SPHERE/IRDIS polarimetric imaging of seven protostars^⋆

¹ Instituto de Estudios Astrofísicos, Facultad de Ingeniería y Ciencias, Universidad Diego Portales, Av. Ejército 441, Santiago, Chile
e-mail: alice.zurlo@mail.udp.cl
² Millennium Nucleus on Young Exoplanets and their Moons (YEMS), Santiago, Chile
³ Departamento de Física, Universidad de Santiago de Chile, Av. Victor Jara 3659, Santiago, Chile
⁴ Center for Interdisciplinary Research in Astrophysics and Space Science (CIRAS), Universidad de Santiago de Chile, Santiago, Chile
⁵ School of Natural Sciences, University of Galway, University Road, H91 TK33 Galway, Ireland
⁶ European Southern Observatory, Alonso de Córdova 3107, Casilla, 19001 Vitacura, Santiago, Chile
⁷ Massachusetts Institute of Technology, Cambridge, MA, USA
⁸ INAF, Osservatorio Astrofisico di Arcetri, Largo Enrico Fermi 5, 50125 Firenze, Italy
⁹ National Radio Astronomy Observatory, 520 Edgemont Road, Charlottesville, VA 22903-2475, USA
¹⁰ Center for Imaging Science and Laboratory for Multiwavelength Astrophysics, Rochester Institute of Technology, Rochester, NY 14623, USA
¹¹ INAF-Osservatorio Astronomico di Padova, Vicolo dell’Osservatorio 5, 35122 Padova, Italy
¹² Jet Propulsion Laboratory, California Institute of Technology, 4800 Oak Grove Dr., Pasadena, CA 91109, USA
¹³ Université Côte d’Azur, Observatoire de la Côte d’Azur, CNRS, Laboratoire Lagrange, Bd de l’Observatoire, CS 34229, 06304 Nice cedex 4, France
¹⁴ European Southern Observatory, Karl-Schwarzschild-Strasse 2, 85748 Garching bei München, Germany

Received: 9 November 2023
Accepted: 14 March 2024

Abstract

Aims. Eruptive stars are a class of young stellar objects that show an abrupt increase in luminosity. These burst-like episodes are thought to dominate the stellar accretion process during the Class 0 to Class I stage. We present an overview of a survey of seven episodically accreting protostars carried out to study their potentially complex circumstellar surroundings.

Methods. The observations were performed with the instrument SPHERE, mounted at the Very Large Telescope. SPHERE is equipped with an extreme adaptive optics system that allows high-contrast imaging. We observed the eruptive stars in the H band with the near-infrared imager IRDIS and used the polarimeter to extract the polarized light scattered from the stars’ surroundings.
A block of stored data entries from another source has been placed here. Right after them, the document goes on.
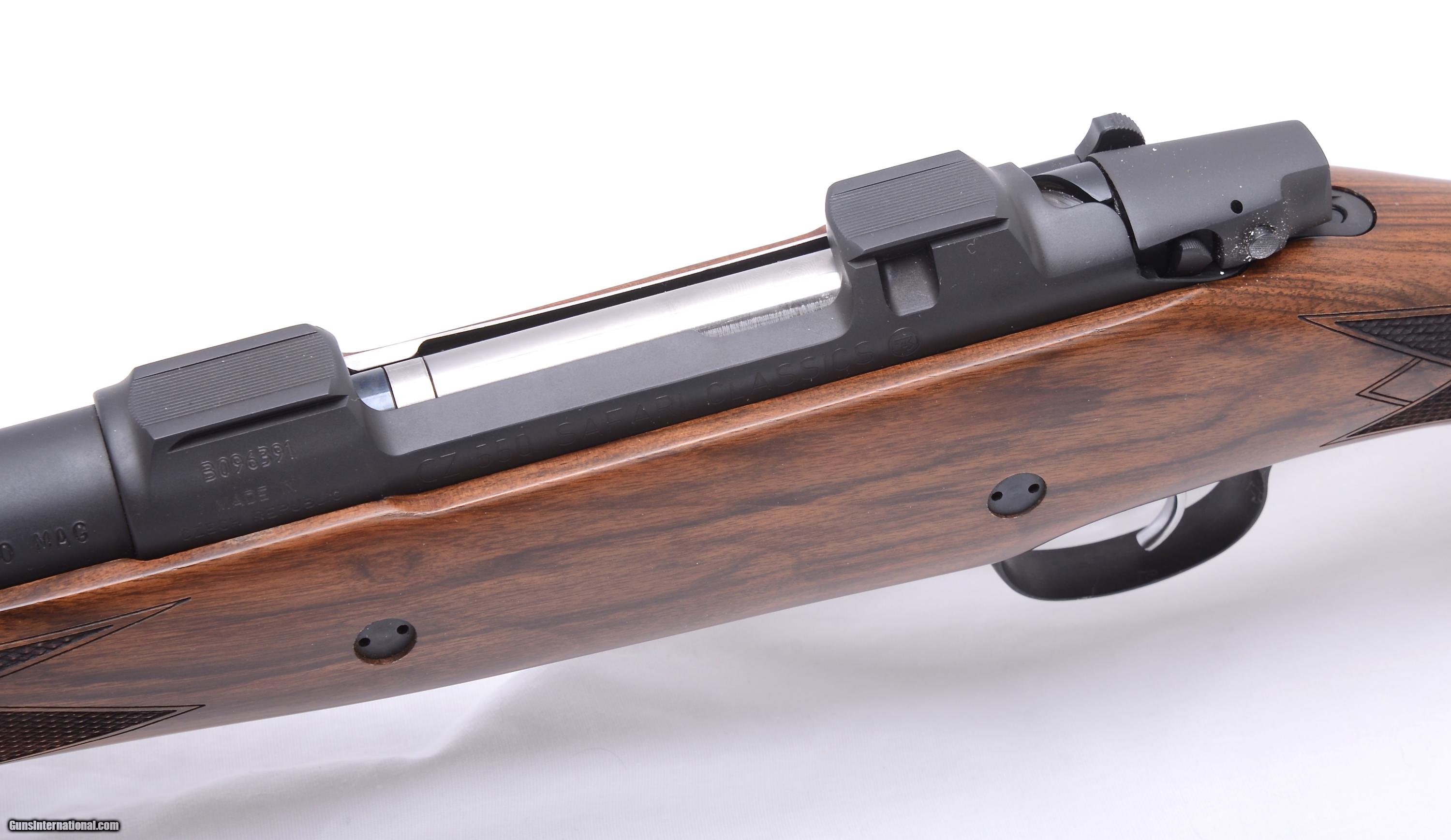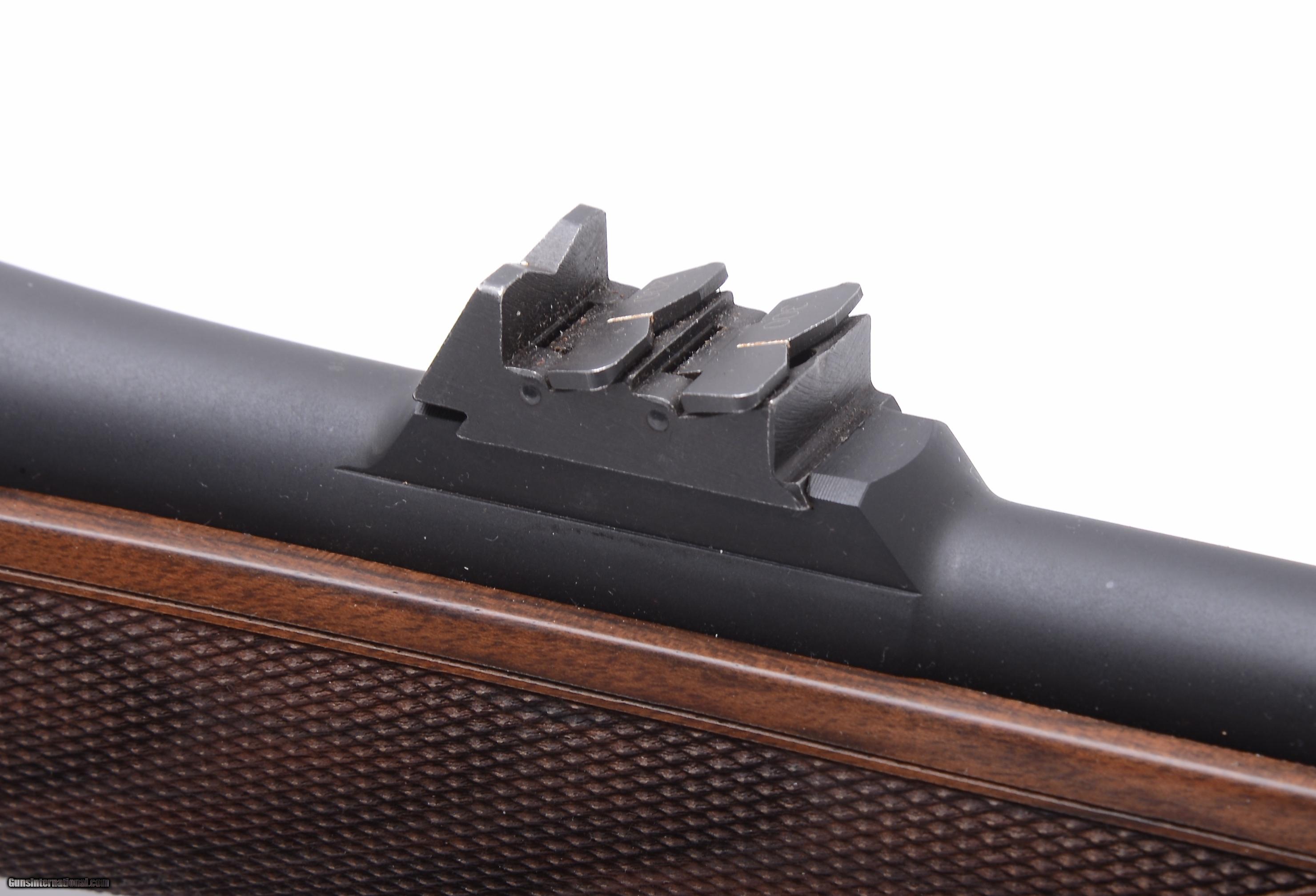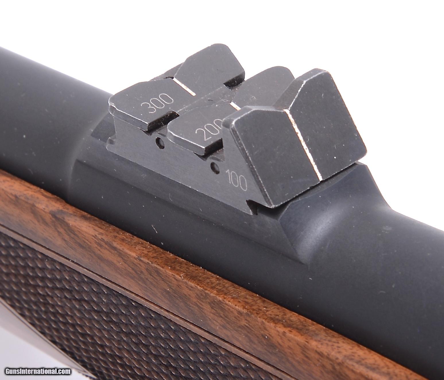 Description: CZ550 Safari Classics PH Magnum chambered for the .550 Magnum. This rifle was a custom make-up for the 2016 Safari Club International Show and does a great job of “showing off” the flexibility and creativity of the crew at CZ USA. Starting with the fantastic, highly regarded, double square bridge CZ 550 Mauser action and add a number of custom features: Machined sight boss with one standing and two folding express sights, custom matte blue finish, installed recoil reducer in the matte finished high grade walnut stock with cheek piece, barrel band sling swivel on the 23” barrel, cross bolts and “steel” bed, relieved action and extended mag box. This rifle is 44” overall length, 14 ¼” LOP over a 1” Pachmayr decelerator presentation pad. The trigger breaks sharply at just over 3 lbs. and just under 2 lbs. using the single set trigger. Overall weight is 9 lbs. 8 oz. with recoil reducer installed. New in box. Retail $4299.00 Special $3570.59 SN: B096391 SOLD |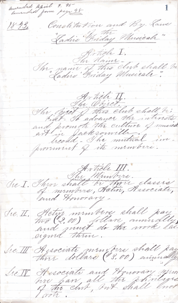 unexpected and early death of their founder in 1895, in a parlor room to decades of various leaders and locations and an arson devastation in 1995, the resilience of Friday Musicale is an allegory for the countless women who found power in society by taking up space in Jacksonville history through cultural development and for the transcendent quality of music as a conduit for creative self-expression for all.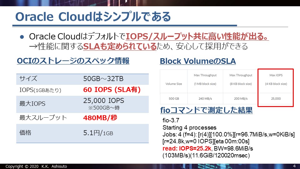 まずは、ストレージ。Oracle Cloudのストレージ(Block Storage)はデフォルトでIOPS/スループット共に高い性能が出るという特徴があります。
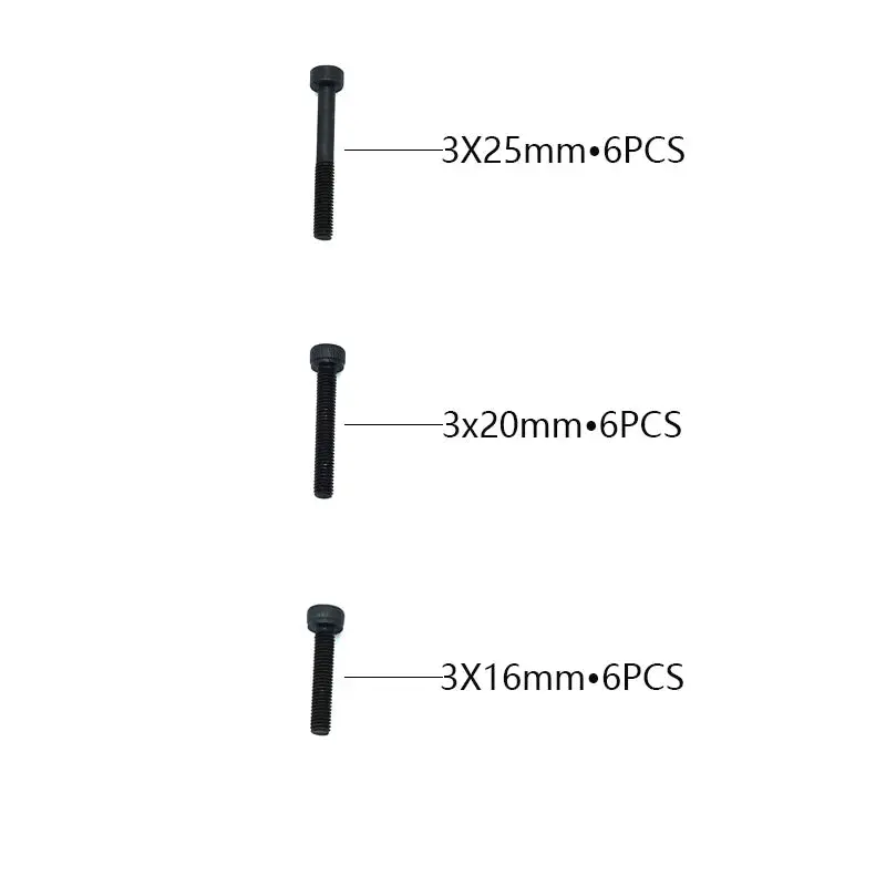 Replacement cap head screw set for Rlaarlo on-road models. Sizes include M3*16mm, M3*20mm and M3*25mm. Set contains 6 of each screw. Part number R10099.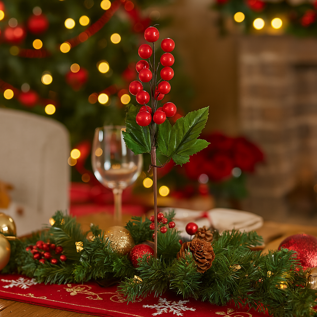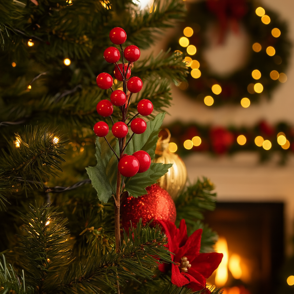 La versatilità di questi grappoli di bacche li rende perfetti non solo per l’albero, ma anche per comporre ghirlande, centrotavola e festività su mensole o camini: il loro impatto cromatico risalta in contrapposizione al verde degli aghi di pino e si abbina armoniosamente a nastri in velluto, pigne naturali o punte di luci calde.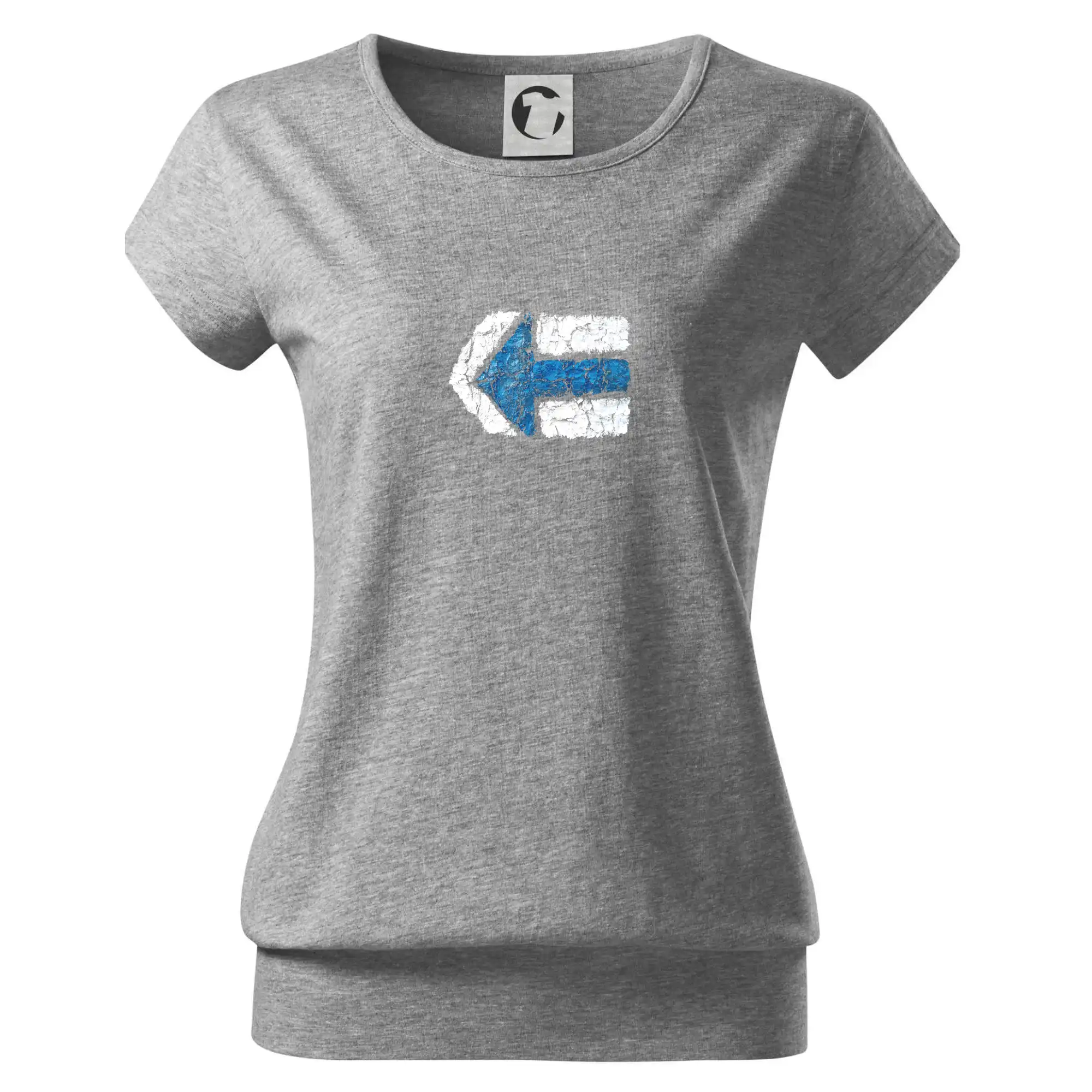 Trendové dámske tričko s veľmi krátkym rukávom, voľnejšieho strihu, v dolnom kraji všité do širokého lemu. Okrúhly priekrčník s úzkym lemom zo zhodného materiálu.

Results. We produced polarized light images for three FUor objects, Z CMa, V960 Mon, and FU Ori, and four EXor objects, XZ Tau, UZ Tau, NY Ori, and EX Lup. We calculated the intrinsic polarization fraction for all the observed stars. In all systems we registered scattered light from around the primary star. FU Ori and V960 Mon are surrounded by complex structures, including spiral-like features. In Z CMa, we detected a point source 0″​​.7 to the northeast of the primary. Based on the astrometric measurements from archival Keck/NIRC2 data, we find this source to be a third member of the system. Furthermore, Z CMa displays an outflow that extends for thousands of au. Unlike the other EXor objects in our sample, XZ Tau shows bright, extended scattered light structures that are also associated with an outflow on a scale of hundreds of au. The other EXors show relatively faint disk-like structures in the immediate vicinity of the coronagraph.

Conclusions. Each object shows a unique environment, but we classified the seven objects into three categories: systems with illuminated outflows, asymmetric arms, and faint disks. Asymmetric arms were only found around FUor objects, while faint disks seem to predominantly occur around EXors. Importantly, for Z CMa the detection of the faint extended structure calls into question previous interpretations of the system’s dynamic state. The streamer that was associated with a fly-by object turned out to be part of a huge outflow extending 6000 au.